Only Enamul Haque Moni has been able to go to the emerging panel from Bangladesh. That is why he got the opportunity to conduct Tests eight years ago. According to the former left-arm spinner, Bangladesh umpires need to set goals step by step.
“If you want to go to the elite panel, you have to qualify for a place in the emerging panel first. The umpires of Bangladesh are not so far behind in umpiring skill. But other areas need to be improved,” said Moni, who is now working as an umpires’ manager after being retired from umpiring following the conduct of 69 international matches so far.
“They watch socializing very much because a lot depends on the image. We’re naturally not so outgoing. It’s a little introverted. After the match, we like to stay in the hotel or stay like ourselves. But it’s important to spend time with other officials. Umpiring is also a team work, you have to be a good team man here,” he added.
“But that’s not all that matters off the field. I said just a part of it. Overall, our umpires need to enrich themselves,” he further added.
Bangladesh Cricket Board (BCB) chief executive officer (CEO) Nizamuddin Chowdhury agreed that Bangladesh could not go to the expected place in umpiring. He also said he showed some hopes as well as frustration and disappointment.

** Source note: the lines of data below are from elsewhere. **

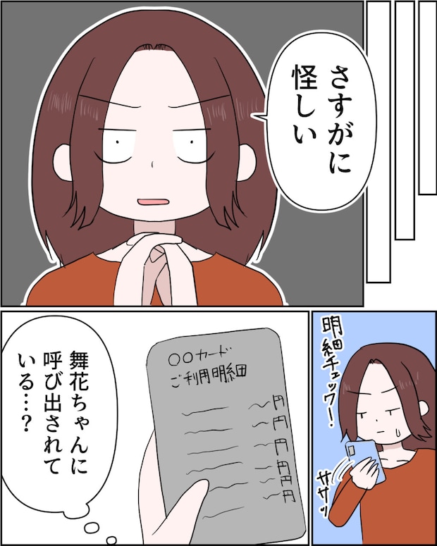 さすがに怪しいと思った私がクレジットカードの明細をチェックすると、謙介が使ったと思われる買い物がずらりと並んでいました。舞花ちゃんに呼び出されているのかなとまたモヤモヤを募らせた私です。
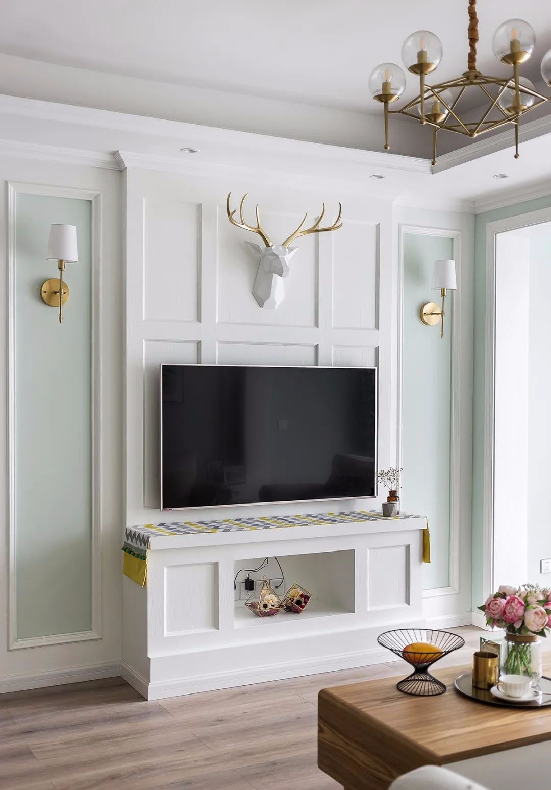 ▲ 電視背景設計對稱造型,中間打造一體式背景,金色元素燈飾與墻飾貫穿公領域空間。
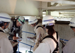 本学科では、社会インフラを担う人材育成(社会インフラを支える技術への理解と重要性を深めること)を目的として、現場での学びを重視した教育活動を行っています。今回の橋梁点検学習会では、学生が実際に橋梁点検の最前線を体験し橋梁点検技術やメンテナンスの重要性を学びました。
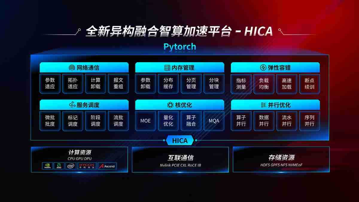 通过自研的服务层、、、、中间适配层、、以及调度编排算法,,,,采用数据并行、、模型并行等多种并行方式,,,,把并行计算任务进行有效的分解,,使其分别由相应的软件栈和算力资源来承接。。。。当GPU资源变化,,,HICA可以实时动态调度计算子任务并调整模型拓扑和架构,,,,以充分聚合各种算力资源。。
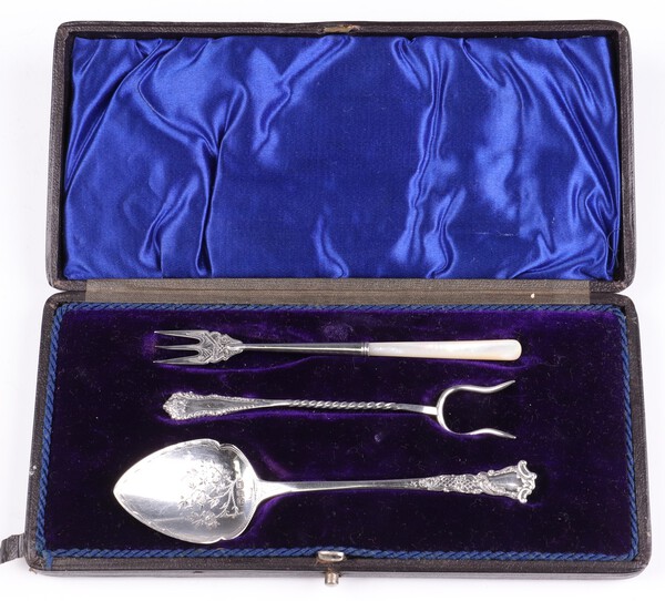 Lot 214 A 2 piece cased preserve set comprising jam spoon and fork (lacking butter knife), Birmingham 1912 with an associated 3 pronged fork with mother of pearl handle, Birmingham 1901, 3.3g gross £5-10
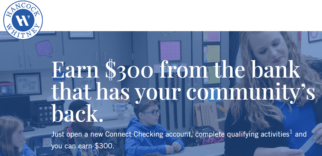 - Hancock Whitney Bank is offering a bonus of $300 when you open a Connect Checking account and complete the following requirements:
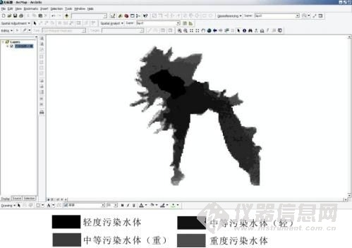 图 2 研究区湖泊污染监测 利用计算机自动分类与人机交互式解译方式获取土地利用数据,进而提取湖泊水体信息。

“We’re really lagging behind in this place, which is frustrating. Earlier, one or two people came close to have a place in the elite panel but didn’t. We’re talking to the ICC regularly. Not that our umpires are completely out of consideration. But yes, improvement is needed,” Nizamuddin said.
BCB CEO has also said that they have already taken some initiative for the improvement.
“We understand that we need to do more with umpiring. In addition to the regular work that is going on, we’re going to take some more initiatives. The development proposal we received from Ross Turner also includes umpiring,” he said.
“We’ll further upgrade the training. Much will be done beyond the regular educational program. We’ll work on improving the language or communication skills. Besides, these will be monitored regularly. Now everything is halted, so a lot is stuck. We’ll start as soon as the situation gets normal,” he added.
Umpires’ manager Enamul Haque also feels the need for more advanced training for their umpires.
“When we played cricket, we grew up playing on cement wickets. Even after becoming a professional, he practiced on cement and played matches on turf. Now can any boy think of playing on a cement pitch, the benefits of the game have improved but not in the case of umpiring. Our predecessor umpires didn’t have coaches, they didn’t have much training. We’ve progressed in the same way. Many adversities have been overcome. A lot is happening now. There is more to do,” he said.
There has been rumour among the local umpires that the India cricket board, as well as other cricket boards, refers their umpires to the ICC.
However, vastly experienced former umpire Enamul Haque denied the fact and said if the umpires have the quality within themselves then there’s no need of any lobbying.
But the former skipper Raqibul Hassan feels that BCB can help to make the difference in the fate of the local umpires.
BCB CEO, however, said they had no problem if recommendation works. But their main focus is on making the umpires more qualified.
But he said that he is not sure when someone from Bangladesh will be seen in the elite panel.
“I’m not sure how much the recommendation will work. We’re trying to do as much as we can. We’re talking about this with the ICC. We’re focusing on training our umpires to be better and more qualified,” CEO said.
“It’s difficult to say exactly when we will see one of us on the elite panel. We didn’t fix any timeframe. We want to see someone as soon as possible. That is why the training and processes are being improved,” he concluded.